Even if necessity is accepted as a valid defense, I agree with Chris' above comment that Guaido's exiled government lacks the requisite agency to provide any effective response to the problem. Simply put, there is little to no guarantee that the requested stay will actually do anything for the Venezuelan people on whose behalf necessity is being invoked. On the other hand, while it's true that attaching the available assets for creditor recompense may be a messy proposition, it does at least guarantee that some repayment will be available.

On a humanitarian level, the struggles of the Venezuelan people certainly outweigh creditors' rights. In this case, however, the court's capacity is limited to securing some repayment for disgruntled creditors. The choice it faces is between doing that, or doing nothing. Perhaps some degree of waiting is warranted, as a token of good faith towards Guaido's government. However, there is little to no guarantee it will yield any constructive results.

Just given the Court's reaction to Perry, it seems unlikely that it will allow a necessity defense. However, since Perry does not explicitly address necessity, it is interesting to look back on the beginnings of crisis defenses in U.S. common law. For example, Home Bldg. & Loan Assn. v. Blaisdell illustrates that police power does allow for a "temporary and conditional restraint" on "the immediate and literal enforcement of contractual obligations" where "vital interests would otherwise suffer . . . ." This seems relevant. Application in the Venezuelan context depends on a similar constitutionally granted police power, but more importantly on whether the restraint on contract obligations sought is temporary and conditional enough. As noted above, arguing that relief is temporary is hard, given that there is no real end in sight for the stay Venezuela seeks. Regardless, I imagine the Justices would have an easier time justifying this than Perry. Ultimately, however, I doubt that the U.S. will be so generous considering that this relief benefits foreign interests and not our own.

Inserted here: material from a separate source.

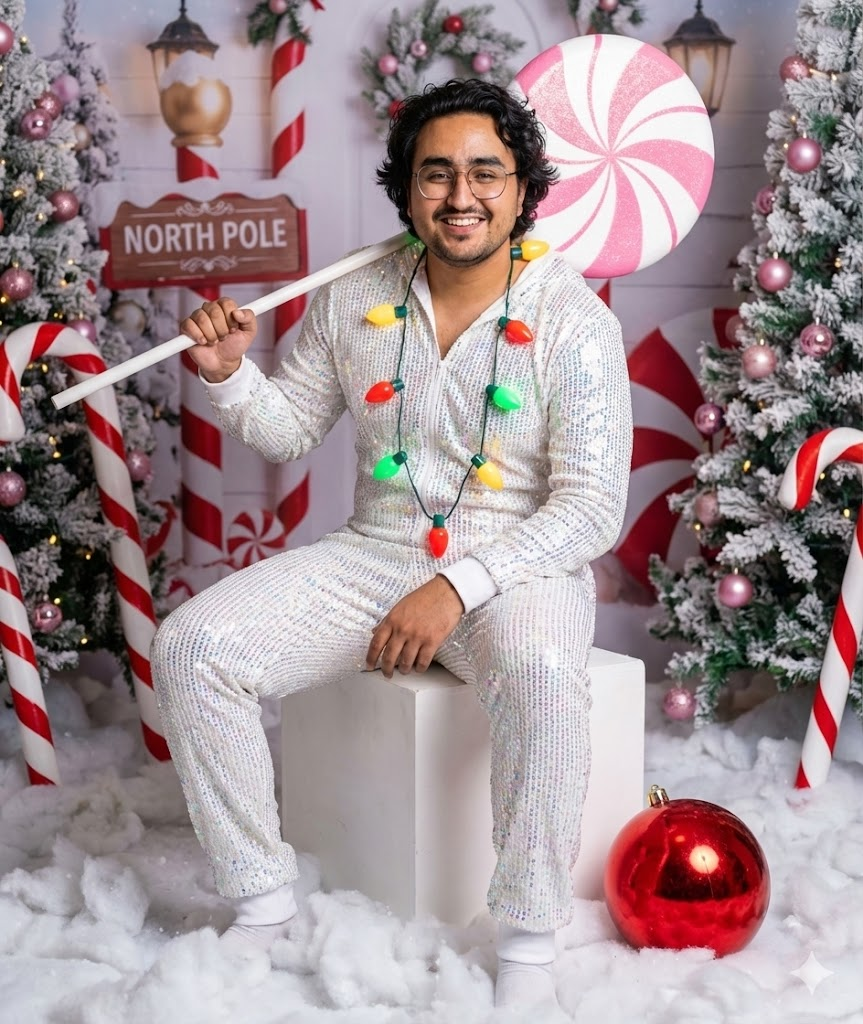 Use his real facial features exactly as they are — do NOT change, enhance, or alter his face in any way. His look is clean and festive, with natural skin texture and a confident, cheerful expression.

Methinks necessity is a stretch. The majority and the concurrence seemed to go out of their way not to take the necessity/exception bait thrown at them by the parties. The majority's use of purchasing power and the government's own gold measures is weirdly mechanistic and circular -- the plaitiffs had no claim for damages because they had no use for gold (the government banned it) and because they did not lose purchasing power (deflation). Meanwhile, the concurrence would not choose between contact power and money power. Both boil down to sovereignty. If you have sovereignty, who needs necessity? (Compare Blaisdell and latent police power of the states.) To be sure, Perry and co. were big in Argentina - https://ir.lawnet.fordham.edu/cgi/viewcontent.cgi?article=1005&context=jcfl -- maybe bigger than in the US. This book is an awesome comparative overview of different approaches to emergency, economic and other -- useful context for the Depression-era US cases: https://www.cambridge.org/core/books/law-in-times-of-crisis/974A70D71A5F4599717675E87CA935DC

Putting doctrinal issues aside, there is a functional difference between the US and Venezuela cases that arguably makes the gold clause cases inapposite to the current litigation.

I read the abrogation of the gold clauses by the FDR government as part of a one-time structural adjustment in response to the decline of the interwar international monetary system. Once the international coordination game failed, each country (the US, Britain, France, etc.) had no choice but to grope its way to a new equilibrium.

Moreover, to the extent that the US could not thereafter credibly commit to enforcing its commitment to a gold standard, so much the better for the US! -- or so scholars have argued. (See, e.g., Eichengreen 1996). To the extent the abrogation created externalities, they were *positive.*

These features distinguish the US in the 1930s from the current crisis in Venezuela, which (as Daniel notes above) the Guaido government apparently concedes was the product of unilateral domestic policies. If that’s right, then making that concession strikes me as a costly mistake, as Venezuela now has a steeper hill to climb to address concerns about the moral hazard effects of granting it the relief it seeks.